As a new mother, you may feel tired, weak, or drained. This may be because your body needs to replenish the energy you’ve lost during childbirth. In this article, we will discuss all the nutrients you may need as a new mother and how their deficiency can affect your health.
What Are the Best Postnatal Nutrients?
Magnesium is a nutrient that new mothers need. It is a calming mineral. It is also easy to deplete because of stress, so it is not surprising that its deficiency is common. Lack of magnesium can lead to depression and other mood disorders. Foods rich in magnesium are avocado and spinach.
Glycine is an amino acid that is good for after-birth recovery. It enhances collagen production, which supports the healing of wounds and tearings. Glycine also makes the uterus return to its original size. Some foods rich in glycine are poultry with skin, gelatin, and bone broth.
Choline is great for brain function and development. It is a nutrient that is necessary during breastfeeding. Unfortunately, over 80% of breastfeeding moms don’t get it enough. Examples of choline-rich food are eggs (with the yolk), liver and other organ meats, salmon, and pork.

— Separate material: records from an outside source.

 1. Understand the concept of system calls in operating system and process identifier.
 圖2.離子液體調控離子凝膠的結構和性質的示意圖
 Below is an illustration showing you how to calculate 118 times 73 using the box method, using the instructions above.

Zinc is mainly known for supporting the body’s immune function; it also helps to heal wounds. Studies have shown that a lack of zinc can lead to depression. Many breastfeeding moms don’t take enough zinc. Some foods that are rich in zinc are almonds, oysters, lentils, and red neat.

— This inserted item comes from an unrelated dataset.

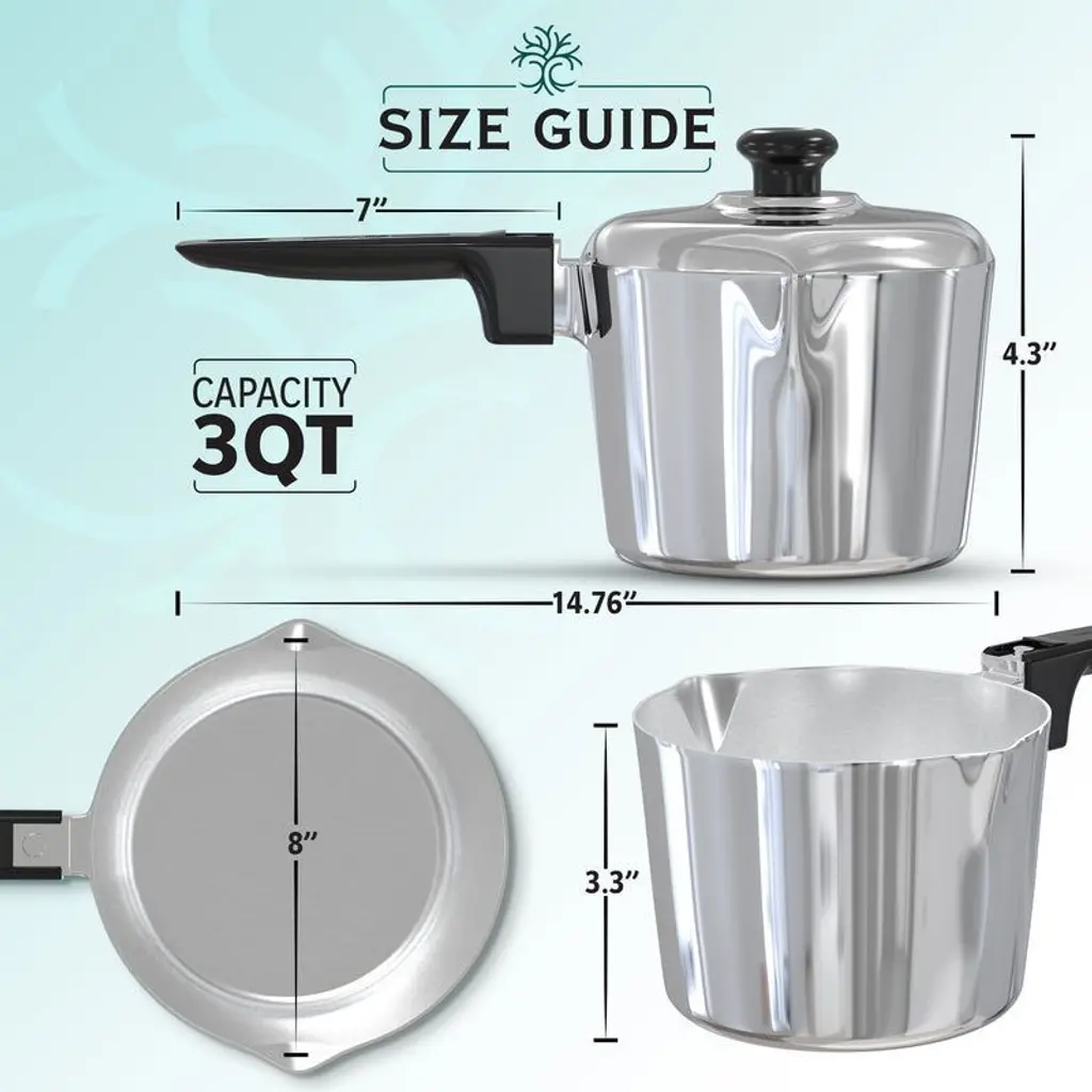 The Magnaware Sauce Pan is your go‑to for flawless sauces, soups, stews, and gravies, thanks to its thick cast aluminum walls and base that ensure even heat and no hot spots. Its polished aluminum exterior and natural interior finish bring classic elegance to your kitchen, while the sturdy, heirloom‑quality construction is built to last for generations. Designed for comfort and safety, the stay‑cool handles make handling hot dishes effortless. Available in 2‑, 3‑, and 4‑quart sizes, this versatile saucepan is perfect for everything from delicate sauces to hearty family favorites.

We need iodine for thyroid hormone production, which regulates our metabolisms. We need to consume more iodine during breastfeeding. Lactating mothers need fifty percent more iodine than women who are not pregnant; still, research reveals that breastfeeding moms don’t take enough of it. Examples of iodine-rich foods are dairy products, sea vegetables, and sea foods.
Vitamins A, C, and E
Vitamin A helps our bodies use iron better; vitamin C, on the other hand, supports immune function, fights against antioxidants, and supplies the body with copper. Vitamin E helps boost progesterone and balance estrogen; it is also an antioxidant. These vitamins are essential for a baby’s development and the general well-being of the mother. Foods rich in vitamin A are eggs and dairy foods. Foods rich in vitamin C: citrus fruits, shellfish, etc. Foods rich in vitamin E: salmon, avocado, peanuts, etc.